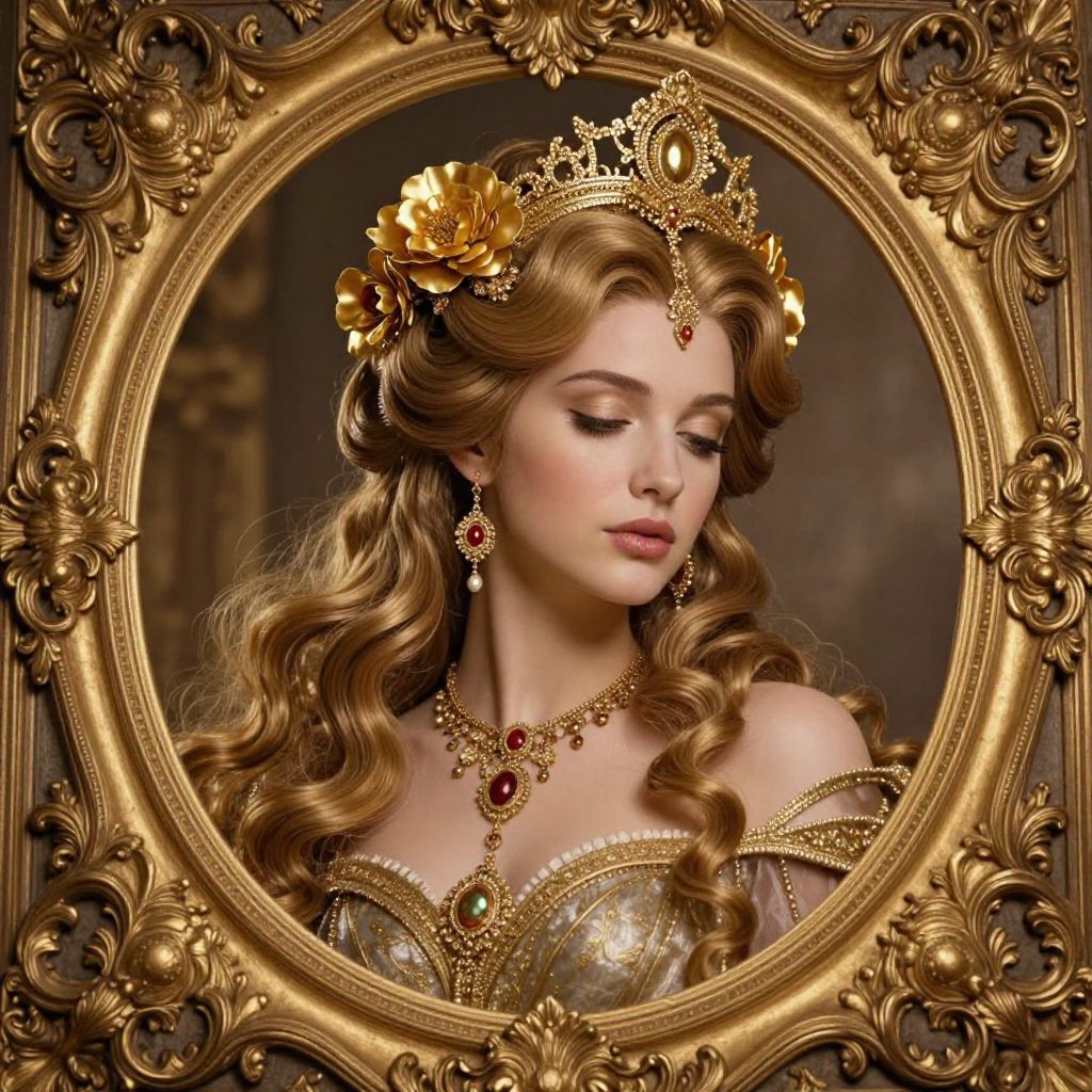 Photorealistic digital artwork of a fair-skinned, young woman with long, wavy, golden-brown hair. She wears an ornate golden crown adorned with a large flower, and a matching golden necklace with a red gemstone. Her off-the-shoulder dress is gold with intricate patterns. She gazes downward with a serene expression. The portrait is framed in an elaborate, ornate gold circular frame with detailed floral designs. The background is a dark, blurred gradient, emphasizing the subject. The overall style is Baroque-inspired, with a focus on opulence and classical beauty.
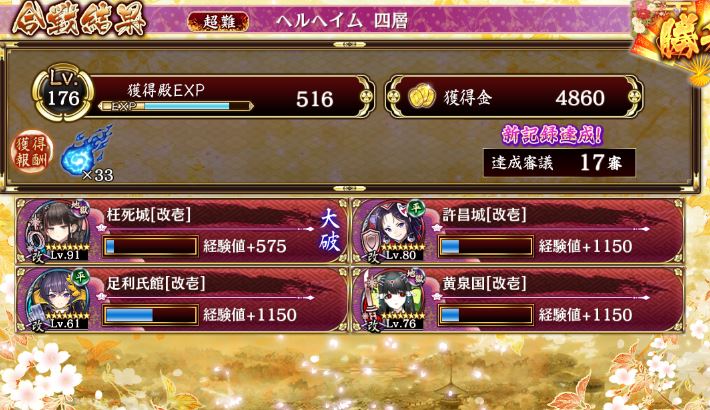 17審。足利ママで回復5倍して回復値を攻撃にのせる戦法でクリア。
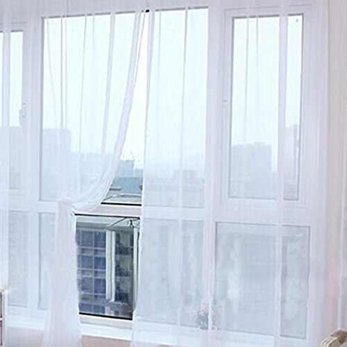 FUA® 2 Piece Solid Pure Color Sheer Window Curtains/drape/panels/treatment size 78.74' x 39.37' (White)
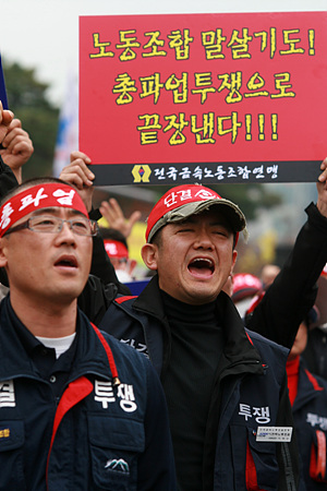 장 위원장은 "노동조합이 무너지면 지금까지 우리가 쌓아온 모든 권리와 기반도 무너져 버릴 것"이라며 "피하거나 결코 물러서지 않고 총파업 투쟁으로 돌파하자"고 호소했다. 변재환 금속연맹 위원장도 "앉아서 맞아 죽느니 서서 싸워야 한다"고 목소리를 높였다.
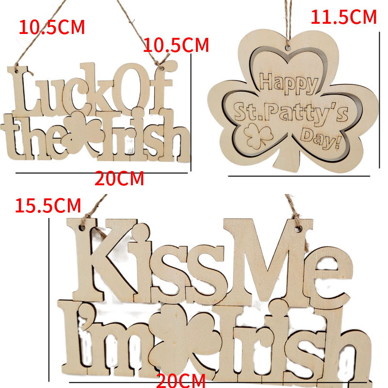 {"Shape":"Abstract","Style":"New Chinese","Pattern":"St. Patrick's Day","Category":"Craft Hanging Ornaments","Material":"Particle Board","Packaging":"PP bag individual packaging","Print Logo":"Yes","Hanging Form":"Pendant","Is it a Gift":"No","Craftsmanship":"Polishing","Patented Source":"No","Surface Process":"Polishing","Applicable Scene":"Home","IP Authorization":"No","Custom Processing":"Yes","Production Method":"Mechanical","Production Process":"Grinding"}

________________

* _Brief_
What is needed is an exact copy of the entries, without any images.

* _Exercise result_
 Photorealistic digital artwork of a fair-skinned, young woman with long, wavy, golden-brown hair. She wears an ornate golden crown adorned with a large flower, and a matching golden necklace with a red gemstone. Her off-the-shoulder dress is gold with intricate patterns. She gazes downward with a serene expression. The portrait is framed in an elaborate, ornate gold circular frame with detailed floral designs. The background is a dark, blurred gradient, emphasizing the subject. The overall style is Baroque-inspired, with a focus on opulence and classical beauty.
 17審。足利ママで回復5倍して回復値を攻撃にのせる戦法でクリア。
 FUA® 2 Piece Solid Pure Color Sheer Window Curtains/drape/panels/treatment size 78.74' x 39.37' (White)
 장 위원장은 "노동조합이 무너지면 지금까지 우리가 쌓아온 모든 권리와 기반도 무너져 버릴 것"이라며 "피하거나 결코 물러서지 않고 총파업 투쟁으로 돌파하자"고 호소했다. 변재환 금속연맹 위원장도 "앉아서 맞아 죽느니 서서 싸워야 한다"고 목소리를 높였다.
 {"Shape":"Abstract","Style":"New Chinese","Pattern":"St. Patrick's Day","Category":"Craft Hanging Ornaments","Material":"Particle Board","Packaging":"PP bag individual packaging","Print Logo":"Yes","Hanging Form":"Pendant","Is it a Gift":"No","Craftsmanship":"Polishing","Patented Source":"No","Surface Process":"Polishing","Applicable Scene":"Home","IP Authorization":"No","Custom Processing":"Yes","Production Method":"Mechanical","Production Process":"Grinding"}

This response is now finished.